The Chrome settings panel, Kember discovered, has a Saved passwords section that displays the site name, the user name, and the password for any site where a user has saved that information. Passwords are initially hidden, but by simply selecting the site's row, a user can make a button appear to show the password for a site. Chrome requires no additional password entry to show site passwords.
Mozilla's Firefox browser operates in the same fashion, giving the user a dialog box that asks "Are you sure you want to show your passwords?" without asking for further verification.
Apple's Safari browser pops up a dialog requiring that a user enter the password for the currently logged in ID on that computer. Without entering that password, Safari will not show the others.
Kember says the issue represents a flaw in Chrome's password storage, and thus in the browser's security:
Google isn?t clear about its password security.
In a world where Google promotes its browser on YouTube, in cinema pre-rolls, and on billboards, the clear audience is not developers.
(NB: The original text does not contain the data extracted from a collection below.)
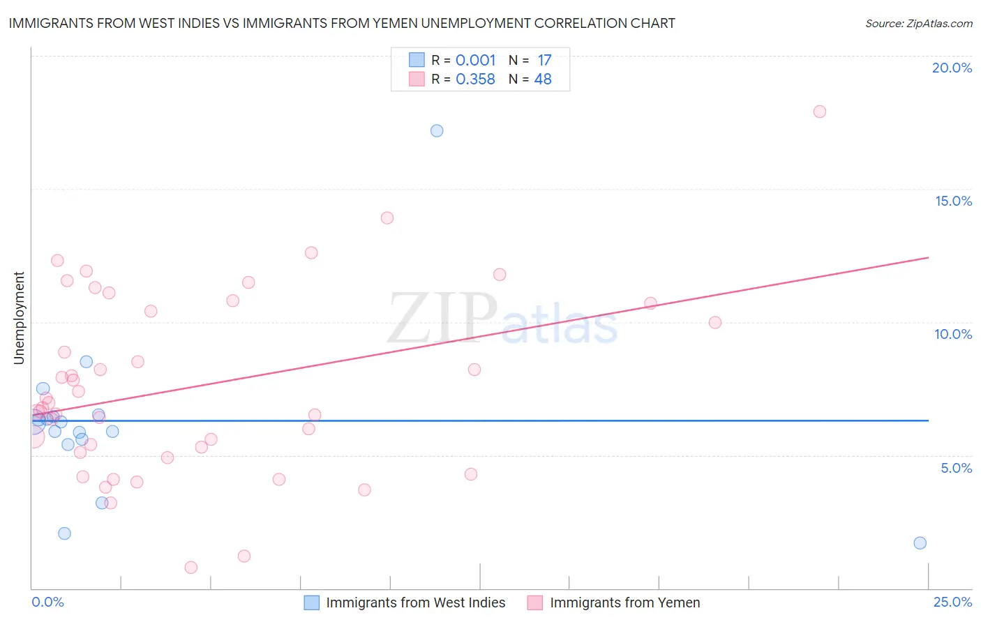 Immigrants from West Indies vs Immigrants from Yemen Unemployment Correlation Chart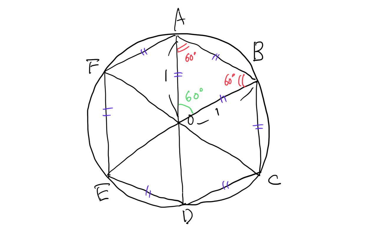 半径が1の円に六角形が内接されています。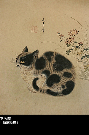 猫に菊を合わせるのも東洋画の習いで、「菊」は中国語で「居」に似ているところから、老境を悠々自適に楽しむ隠遁者を意味するという。卞相璧には「菊庭秋猫(ククチョンチュミョ)」と題された絵もある。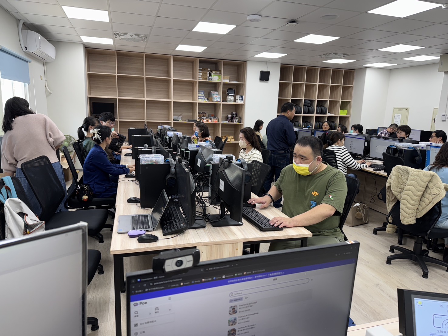交流過程中,我觀察到教師們從一開始的好奇與觀望,逐漸轉變為躍躍欲試的興奮。他們紛紛拿出手機或筆記型電腦,跟著輔導員的步驟實際操作AI工具,現場氣氛熱烈。許多老師表示,透過這次交流,他們對AI不再感到陌生與遙遠,反而看到了AI在教學上的巨大潛力。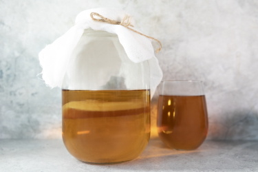 - Фрукты, ягоды или ароматизаторы разложите по ёмкостям и залейте комбучей, оставляя 5–7 см от края тары для брожения;

It?s the mass market - the users. The overwhelming majority. They don?t know it works like this. They don?t expect it to be this easy to see their passwords. Every day, millions of normal, every-day users are saving their passwords in Chrome. This is not okay.
Responding to the controversy, the tech lead for Chrome's browser security team said that they had found that "boundaries within the OS user account [to protect passwords even when a user is logged in] just aren't reliable, and are mostly just theater."
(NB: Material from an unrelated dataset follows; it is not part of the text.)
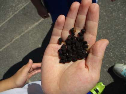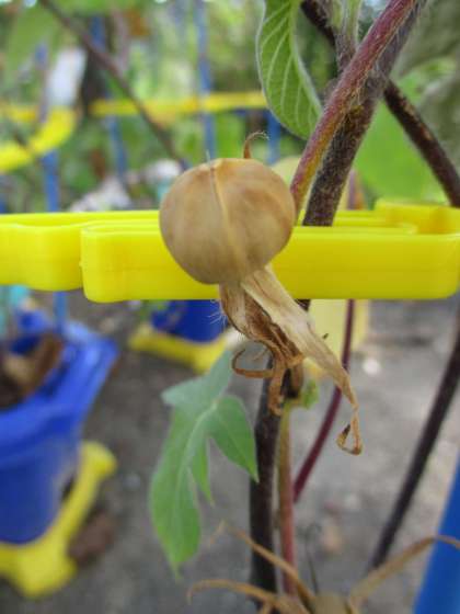 夏休みが終わり、あさがおも様変わりしてきました。よく見ると、子供たちの鉢の近くに黒くて小さな種がいくつも落ちています。夏休み前にできていた実が、緑色から茶色に変わり、たくさんの種がとれるようになりました。この種をどうしたいか、子供たちと話し合っていく予定です。

Consider the case of someone malicious getting access to your account. Said bad guy can dump all your session cookies, grab your history, install malicious extension to intercept all your browsing activity, or install OS user account level monitoring software. My point is that once the bad guy got access to your account the game was lost, because there are just too many vectors for him to get what he wants.
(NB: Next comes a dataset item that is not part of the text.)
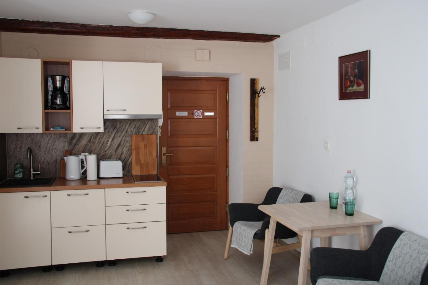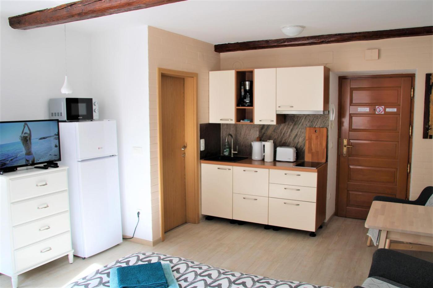 One-Bedroom Apartment. The apartment features 1 bedroom and 1 bathroom with a shower and free toiletries. Meals can be prepared in the well-fitted kitchen, which is equipped with a stovetop, a refrigerator, kitchenware and a microwave. The apartment provides a flat-screen TV, a washing machine, a tea and coffee maker, a seating area as well as a quiet street view. The unit offers 1 bed.

We've also been repeatedly asked why we don't just support a master password or something similar, even if we don't believe it works. We've debated it over and over again, but the conclusion we always come to is that we don't want to provide users with a false sense of security, and encourage risky behavior. We want to be very clear that when you grant someone access to your OS user account, that they can get at everything. Because in effect, that's really what they get.
The "vulnerability" does require that a snooping user already be logged into another user's account on a machine. The Chrome team is aware of the password opening, and despite the controversy likely will not adjust that aspect of security.